Внезапно Норшейн умолкла, свела брови и в упор спросила Коростенского:

— Материнский язык еще помните?

— Давно не употреблял, — усмехнулся Давид Исаевич.

— Ну что же, тогда послушайте.

Норшейн извлекла из пианино несколько беспокойных аккордов, и Давид Исаевич замер. Незнакомые, но в то же время близкие и дорогие звуки буравили душу. Он изумлен. Оказывается, он помнил все слова песни. Затаившись в глубинных далях памяти, еврейские слова выскакивали одно за другим, словно и не было долгой разлуки с ними:

Эх ты, глупый парень,

Дурья голова,

Где ж ты это видел —

Дым да без огня?

Анна Арнольдовна выводила низким голосом:

Не слыви богатой

И не будь красивой,

Умной не родися —

А родись счастливой.

Давид Исаевич молчит. И Норшейн не может разжать губы. Руки ее неподвижно лежат на клавиатуре.

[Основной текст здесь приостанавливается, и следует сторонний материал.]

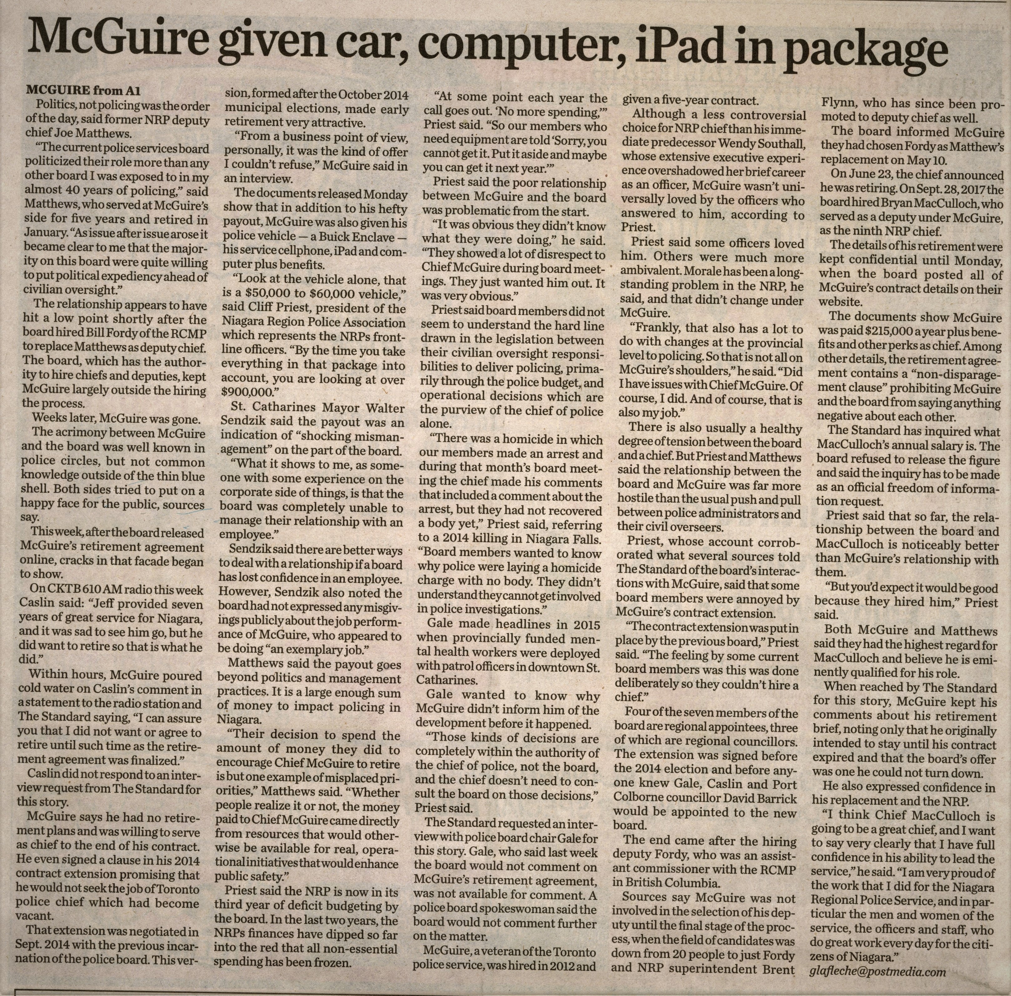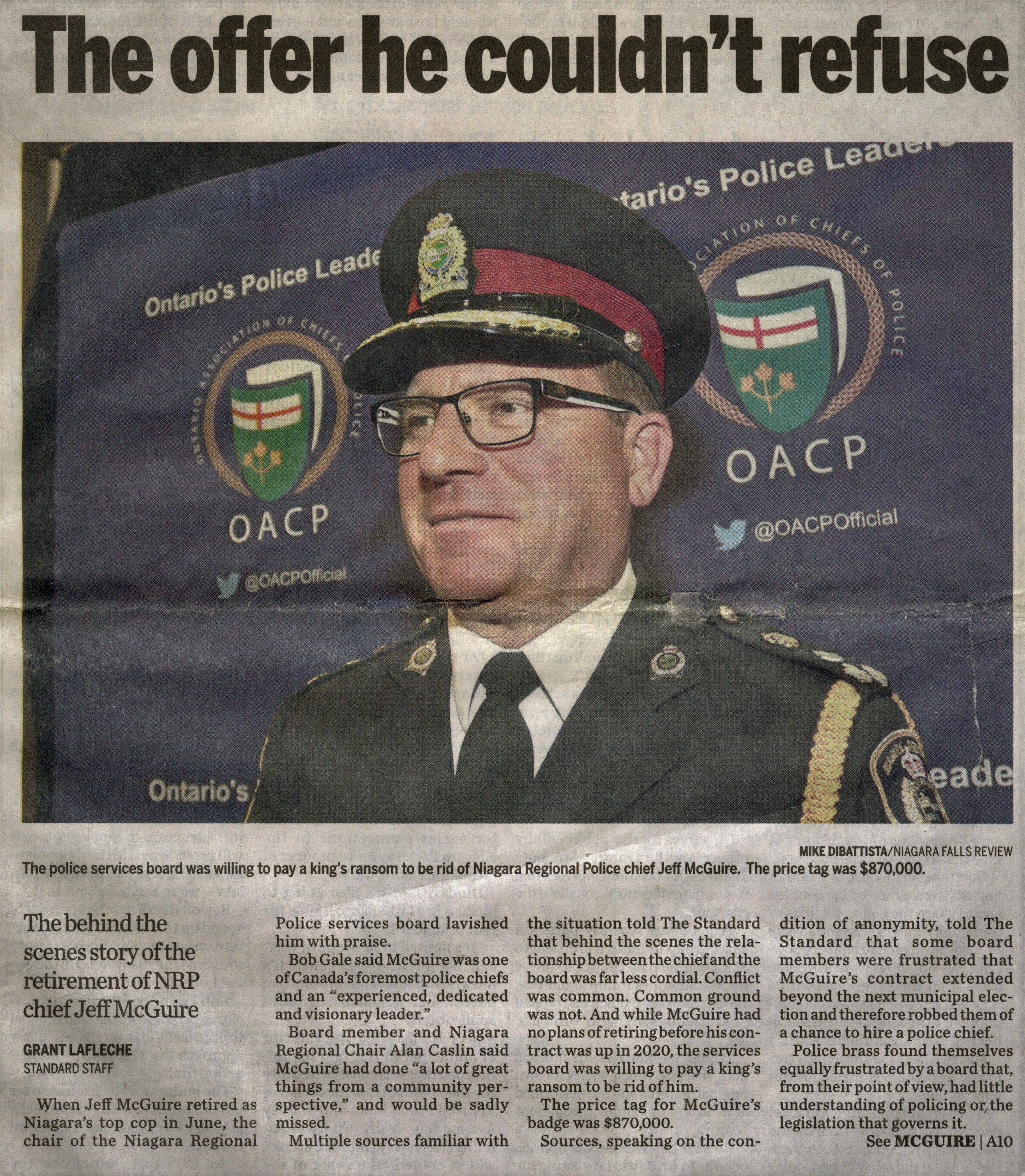 - The offer he couldn't refuse : the behind the scenes story of the retirement of NRP chief Jeff McGuire
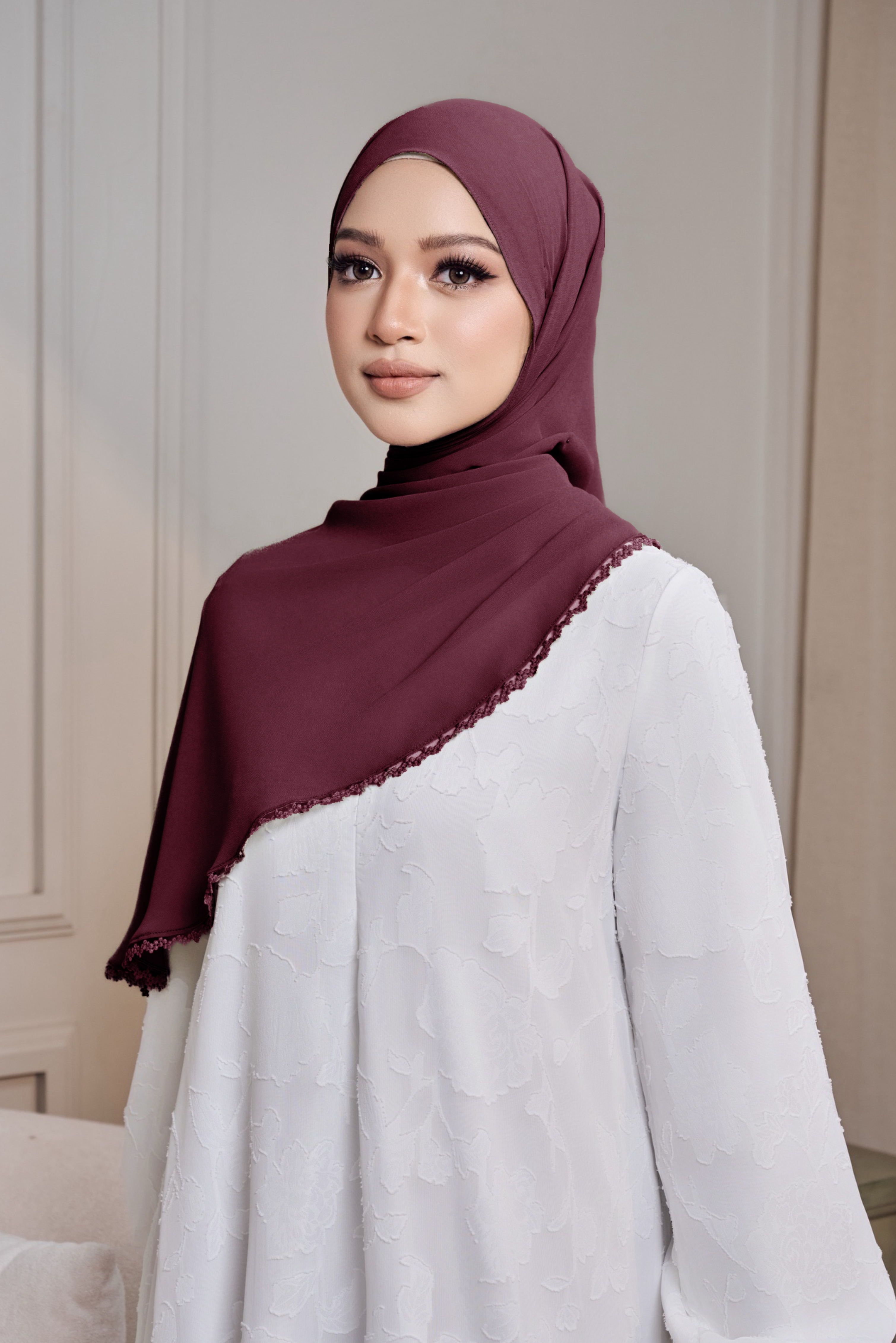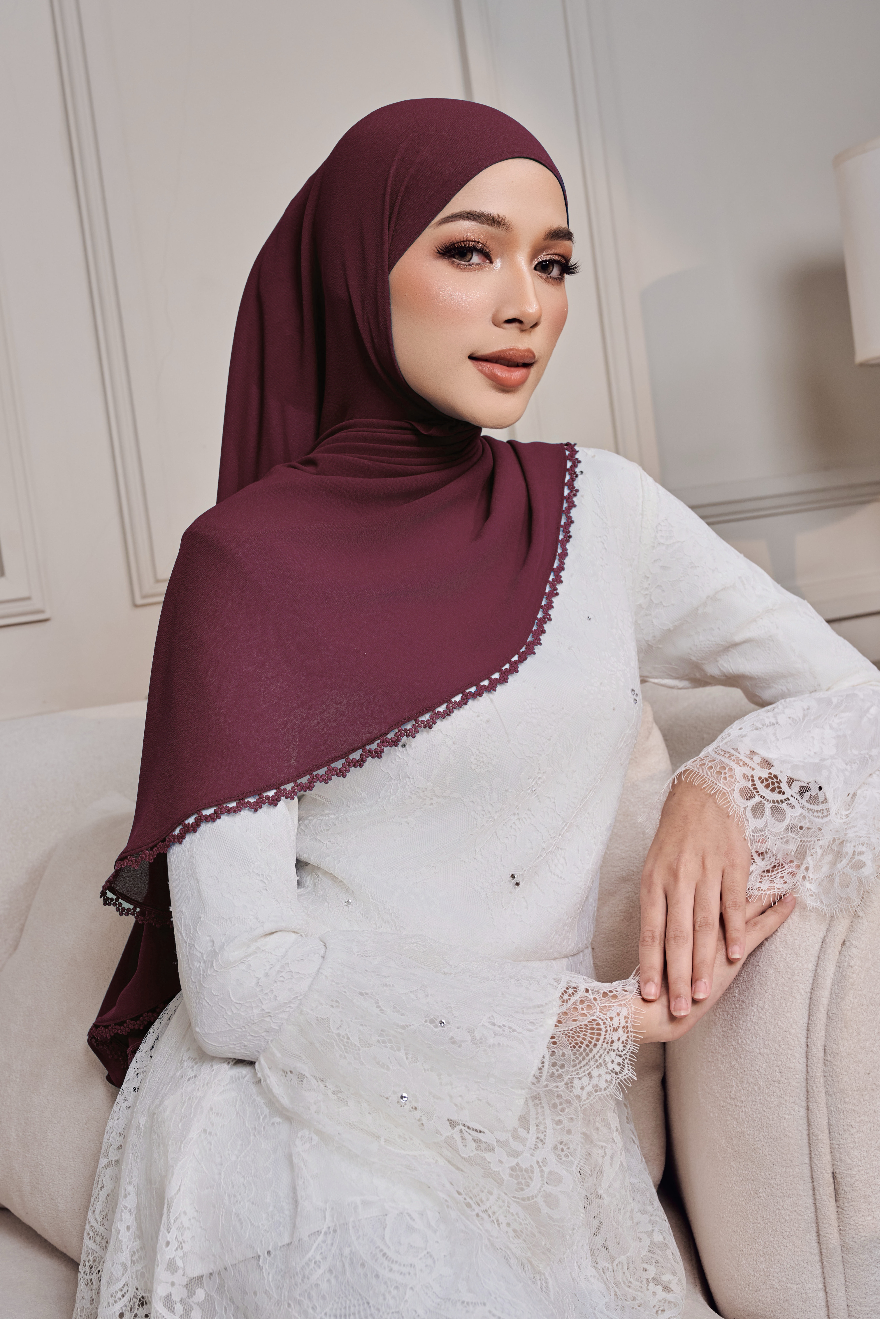Keistimewaan shawl ini terletak pada lace trim detailing yang menghiasi bahagian tepi, memberikan sentuhan feminin yang lembut dan eksklusif. Kemasan baby seam finishing pula memastikan jahitan lebih halus, kemas dan tahan lama.

Наконец Коростенский слышит невнятное:

— Давид Исаевич, оставьте меня одну, прошу вас.

Давид Исаевич тихо выходит.

Анна Арнольдовна подняла голову, раскрыла нотную тетрадь и начала резкими штрихами выводить строчки нот, перебирать замысловатую вязь нотных значков — внесла поправки в нотную запись старой комсомольской песни об умирающем бойце. Мелодия грустной и трогательной баллады о сыновней верности родной земле, до мельчайших тонов знакомая и в то же время какая-то обновленная, накатывалась современными ритмами. Именно их-то Анна Арнольдовна и добивалась. Ей нравилось ощущать себя умельцем, чувствовать, как созвучия покорно подчиняются. Сознание того, что работа удается, радовало вдвойне. Песня, пожалуй, увлечет ребят, они ее с охотой запоют. Доволен будет и Давид Исаевич, ради которого она, в сущности, эту песню и обрабатывает…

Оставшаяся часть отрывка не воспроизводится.